Мастер увидел его во время антракта, когда тронутый пением Пелагеи, сошёл в зеркальный вестибюль. Узнал сразу, не обратив внимания ни на цвет волос, ни на добротный костюм, – узнал по выражению глаз, страждущих, потерянных, кровянистых. Такие скорбные образы он прежде видел в церкви, в полутьме, в красной тени от огня лампад, метящих лица, когда человек открыт Богу, становится боязлив, и в нём можно узнать кающегося грешника или убийцу.

Хотя этого не должно было быть, ведь прошло всего восемь лет…

Белёсо-рыжий, с залысиной, будто опалили паяльной лампой, сожгли брови и ресницы, и тем напугали на всю жизнь, он чуть не заикался, тянул слова, был исполнителен и суетлив. Юродиво вытаращившись, вникал в поручение, кивал, будто глотал шар, и вылетал за дверь выполнять.

Косолапо плясал вниз-вниз по винтовой железной лестнице, позванивая стальными набойками кирзачей, и казалось, у него кружится голова. Тело у этого человека было белое, ядрёное, зад бабий, широкие штанины, как две юбки, болтались над голенищами. Сапоги он ваксил усердно, но неумело, ибо не служил в армии, и после сидения в кустах вакса с голенищ отпечатывалась трафаретом на заднице.
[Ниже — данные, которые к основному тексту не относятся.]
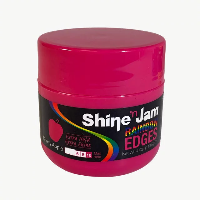 Get ready to rock your edges with SHINE'N JAM RAINBOW EDGE! This innovative hair gel not only tames and smoothes your edges, but also adds a vibrant pop of color. Show off your unique style and make a statement with SHINE'N JAM RAINBOW EDGE!
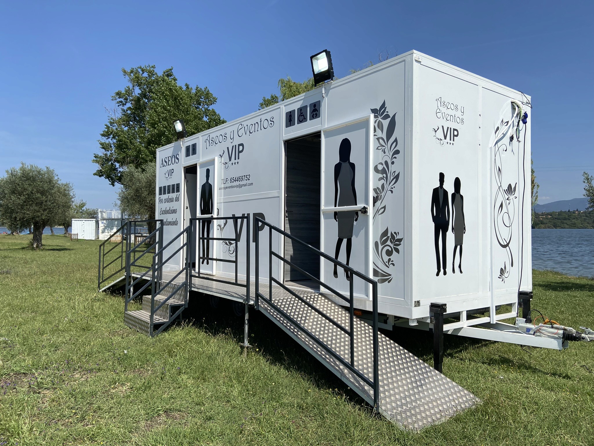 Están diseñados para ofrecer máxima comodidad y accesibilidad, con acceso tanto por rampa como por escaleras, e incorporan iluminación exterior, climatización, servicio de limpieza, control de aforo y un interior totalmente equipado con secamanos, jaboneras, espejos y todos los elementos necesarios para una experiencia cómoda y funcional.

Глядя на его лицо, лицо богобоязненного изверга, привезённого сюда отмолить грех, слыша стальной звон за дверью, где тот винтил-винтил по спирали, будто в преисподнюю, думалось: неужели он так будет бегать, раздавленный наказанием, все 14 лет? Он не вызывал отвращения, наоборот возбуждал любопытство как особь. Аккуратная и чистоплотная, по-крестьянски знающая цену еде, и потому не запихивающая её жадно в рот, как урки, которые и на воле не были сыты, а жующая основательно, истово, будто с памятью о предках хлебопашцах. И сало он резал ритуально, от старания щерясь, делил не жадничая. И тут опять думалось: почему ж тебе так не жилось прежде? Не елось сытно, не спалось в чистой постели, где нет прыгающих с потолка клопов и перебегающих с чужих шконок вшей? И ты пришёл сюда, где голодно, неуютно, а над головой крышка, надёжная, как у молочного бидона, затворяющаяся снаружи мощным рычагом?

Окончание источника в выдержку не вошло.